Retype the listing exactly, so that the copy matches it line for line.

○ ○ ○ ○

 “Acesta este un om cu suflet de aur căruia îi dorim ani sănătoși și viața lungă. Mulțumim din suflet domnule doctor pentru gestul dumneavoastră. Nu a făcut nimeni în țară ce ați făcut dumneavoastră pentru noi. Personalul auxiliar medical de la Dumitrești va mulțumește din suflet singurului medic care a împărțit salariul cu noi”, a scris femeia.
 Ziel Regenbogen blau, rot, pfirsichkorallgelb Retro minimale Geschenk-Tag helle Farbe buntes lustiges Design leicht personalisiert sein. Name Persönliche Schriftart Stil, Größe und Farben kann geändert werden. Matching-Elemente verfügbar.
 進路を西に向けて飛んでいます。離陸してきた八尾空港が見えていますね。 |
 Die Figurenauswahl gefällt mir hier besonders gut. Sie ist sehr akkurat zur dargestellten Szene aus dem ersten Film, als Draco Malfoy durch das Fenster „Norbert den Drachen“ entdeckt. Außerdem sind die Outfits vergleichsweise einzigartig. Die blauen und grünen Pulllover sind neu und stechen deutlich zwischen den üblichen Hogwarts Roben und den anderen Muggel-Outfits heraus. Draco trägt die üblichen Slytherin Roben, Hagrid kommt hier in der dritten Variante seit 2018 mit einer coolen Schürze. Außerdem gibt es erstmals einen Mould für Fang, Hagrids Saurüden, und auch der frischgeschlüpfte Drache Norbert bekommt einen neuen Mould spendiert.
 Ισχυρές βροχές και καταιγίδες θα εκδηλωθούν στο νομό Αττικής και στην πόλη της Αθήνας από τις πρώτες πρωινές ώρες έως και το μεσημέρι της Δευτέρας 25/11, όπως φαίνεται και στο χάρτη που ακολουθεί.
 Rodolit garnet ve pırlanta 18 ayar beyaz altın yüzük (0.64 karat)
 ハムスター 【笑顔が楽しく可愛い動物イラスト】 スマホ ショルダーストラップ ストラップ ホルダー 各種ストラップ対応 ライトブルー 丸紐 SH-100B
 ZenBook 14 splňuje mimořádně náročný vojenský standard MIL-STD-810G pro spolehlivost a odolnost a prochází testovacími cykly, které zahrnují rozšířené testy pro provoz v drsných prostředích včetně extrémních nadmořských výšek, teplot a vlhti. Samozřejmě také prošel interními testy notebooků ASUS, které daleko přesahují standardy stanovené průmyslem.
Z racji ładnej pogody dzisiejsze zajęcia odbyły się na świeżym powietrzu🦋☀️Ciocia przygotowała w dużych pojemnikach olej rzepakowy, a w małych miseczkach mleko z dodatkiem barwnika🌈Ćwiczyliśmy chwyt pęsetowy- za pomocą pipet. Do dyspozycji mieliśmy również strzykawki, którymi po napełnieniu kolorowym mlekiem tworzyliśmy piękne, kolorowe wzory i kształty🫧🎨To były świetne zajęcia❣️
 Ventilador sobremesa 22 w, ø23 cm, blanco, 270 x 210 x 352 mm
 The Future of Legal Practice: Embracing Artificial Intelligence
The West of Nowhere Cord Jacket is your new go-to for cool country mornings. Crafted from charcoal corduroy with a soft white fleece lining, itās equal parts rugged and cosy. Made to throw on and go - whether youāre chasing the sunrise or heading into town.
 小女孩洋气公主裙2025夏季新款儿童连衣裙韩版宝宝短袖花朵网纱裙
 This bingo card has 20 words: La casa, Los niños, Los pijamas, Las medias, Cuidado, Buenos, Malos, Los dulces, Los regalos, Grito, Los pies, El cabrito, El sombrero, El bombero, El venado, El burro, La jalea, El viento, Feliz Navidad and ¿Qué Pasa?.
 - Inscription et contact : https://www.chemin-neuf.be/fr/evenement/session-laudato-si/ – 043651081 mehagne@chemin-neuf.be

○ ○ ○ ○

**TASK SOLUTION**
 “Acesta este un om cu suflet de aur căruia îi dorim ani sănătoși și viața lungă. Mulțumim din suflet domnule doctor pentru gestul dumneavoastră. Nu a făcut nimeni în țară ce ați făcut dumneavoastră pentru noi. Personalul auxiliar medical de la Dumitrești va mulțumește din suflet singurului medic care a împărțit salariul cu noi”, a scris femeia.
 Ziel Regenbogen blau, rot, pfirsichkorallgelb Retro minimale Geschenk-Tag helle Farbe buntes lustiges Design leicht personalisiert sein. Name Persönliche Schriftart Stil, Größe und Farben kann geändert werden. Matching-Elemente verfügbar.
 進路を西に向けて飛んでいます。離陸してきた八尾空港が見えていますね。 |
 Die Figurenauswahl gefällt mir hier besonders gut. Sie ist sehr akkurat zur dargestellten Szene aus dem ersten Film, als Draco Malfoy durch das Fenster „Norbert den Drachen“ entdeckt. Außerdem sind die Outfits vergleichsweise einzigartig. Die blauen und grünen Pulllover sind neu und stechen deutlich zwischen den üblichen Hogwarts Roben und den anderen Muggel-Outfits heraus. Draco trägt die üblichen Slytherin Roben, Hagrid kommt hier in der dritten Variante seit 2018 mit einer coolen Schürze. Außerdem gibt es erstmals einen Mould für Fang, Hagrids Saurüden, und auch der frischgeschlüpfte Drache Norbert bekommt einen neuen Mould spendiert.
 Ισχυρές βροχές και καταιγίδες θα εκδηλωθούν στο νομό Αττικής και στην πόλη της Αθήνας από τις πρώτες πρωινές ώρες έως και το μεσημέρι της Δευτέρας 25/11, όπως φαίνεται και στο χάρτη που ακολουθεί.
 Rodolit garnet ve pırlanta 18 ayar beyaz altın yüzük (0.64 karat)
 ハムスター 【笑顔が楽しく可愛い動物イラスト】 スマホ ショルダーストラップ ストラップ ホルダー 各種ストラップ対応 ライトブルー 丸紐 SH-100B
 ZenBook 14 splňuje mimořádně náročný vojenský standard MIL-STD-810G pro spolehlivost a odolnost a prochází testovacími cykly, které zahrnují rozšířené testy pro provoz v drsných prostředích včetně extrémních nadmořských výšek, teplot a vlhti. Samozřejmě také prošel interními testy notebooků ASUS, které daleko přesahují standardy stanovené průmyslem.
Z racji ładnej pogody dzisiejsze zajęcia odbyły się na świeżym powietrzu🦋☀️Ciocia przygotowała w dużych pojemnikach olej rzepakowy, a w małych miseczkach mleko z dodatkiem barwnika🌈Ćwiczyliśmy chwyt pęsetowy- za pomocą pipet. Do dyspozycji mieliśmy również strzykawki, którymi po napełnieniu kolorowym mlekiem tworzyliśmy piękne, kolorowe wzory i kształty🫧🎨To były świetne zajęcia❣️
 Ventilador sobremesa 22 w, ø23 cm, blanco, 270 x 210 x 352 mm
 The Future of Legal Practice: Embracing Artificial Intelligence
The West of Nowhere Cord Jacket is your new go-to for cool country mornings. Crafted from charcoal corduroy with a soft white fleece lining, itās equal parts rugged and cosy. Made to throw on and go - whether youāre chasing the sunrise or heading into town.
 小女孩洋气公主裙2025夏季新款儿童连衣裙韩版宝宝短袖花朵网纱裙
 This bingo card has 20 words: La casa, Los niños, Los pijamas, Las medias, Cuidado, Buenos, Malos, Los dulces, Los regalos, Grito, Los pies, El cabrito, El sombrero, El bombero, El venado, El burro, La jalea, El viento, Feliz Navidad and ¿Qué Pasa?.
 - Inscription et contact : https://www.chemin-neuf.be/fr/evenement/session-laudato-si/ – 043651081 mehagne@chemin-neuf.be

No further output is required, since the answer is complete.